Meg Whitman's Housekeeper Controversy
All of the contradictions and complexities of our nation’s immigration policy are being publicly exposed in the current contretemps between California gubernatorial candidate Meg Whitman and her former housekeeper.
Opponents of immigration – including Whitman - tend to speak about immigration enforcement in shrill, impersonal terms: Take Whitman’s promise to be “tough as nails” on immigration policy. But in Whitman’s case as in others, the rhetoric and the reality are far apart.
Scratch the surface of any immigration controversy and you find the complex lives of people: immigrants who form relationships with their employers, their spouses and children, immigrants who are part of communities, who cannot be expunged from our lives with the wave of the Border Patrol’s wand.
Whitman’s language changed dramatically when she had to address the real toll that her maid’s illegal status had on the lives of those around her. Gone was the tough talk about ridding California of illegal immigrants. Now the issue was human.
“I was not going to make an example of Nicky,” Whitman said in explaining her reluctance to hasten the deportation of her former housekeeper by calling the authorities. The housekeeper, she said, was part of her “extended family.”
That is where the true difficulty in enforcing immigration policy lies: how do you separate families and communities in an effort to cleanse the country of illegal immigrants?

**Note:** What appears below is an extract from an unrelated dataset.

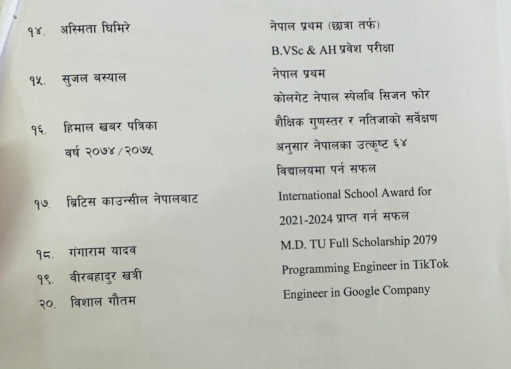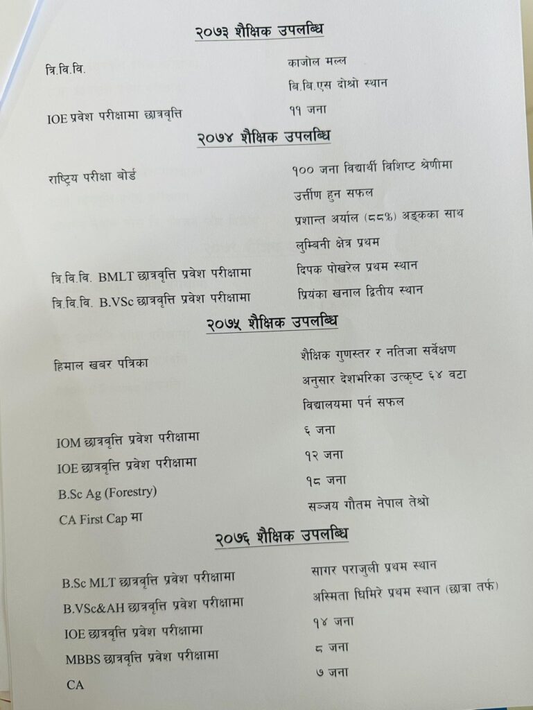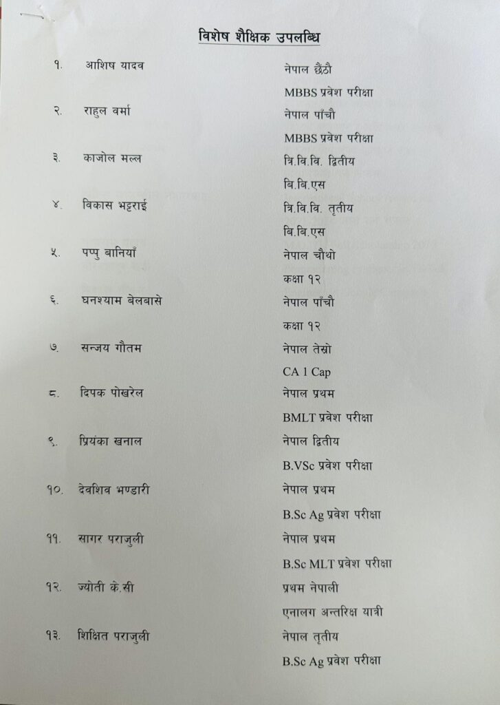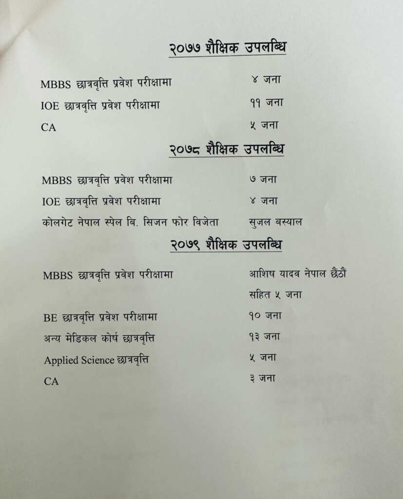शनिबार कलेजमा पत्रकार सम्मेलन गरी प्राचार्य टुकबहादुर क्षेत्रीले कलेजमा पढेका आशिष यादवले गत वर्ष लिइएको एमबीबीएसको पूर्ण छात्रवृत्ति प्रवेश परीक्षामा नेपाल छैठौं भएको जानकारी गराए । यस्तै त्यसअघिको एमबीबीएसको प्रवेश परीक्षामा राहुल वर्मा नेपाल पांचौं भएका उनले बताए । यस्तै काजोल मल्ल बीबीएसमा त्रिविवि दोस्रो र विकास भट्टराई त्रिविवि तेस्रो भएको बताए ।

In my opinion, the answer is you can’t.
Immigration opponents are already calling Whitman a hypocrite. I agree that she is hypocritical for supporting a crackdown on illegal immigrant employers while trying to hide her own, perhaps inadvertent, employment of one. But to me the actions of her and her husband in trying to protect her housekeeper from deportation are not hypocritical. They are human.
It is easy to be anti-immigrant in the abstract. It is much harder when that immigrant is your friend, your spouse, when it is the gardener, the butcher, the housekeeper, the caregiver that you rely on. This imbroglio reveals the messiness of human relations that is at the heart of any discussion of immigration.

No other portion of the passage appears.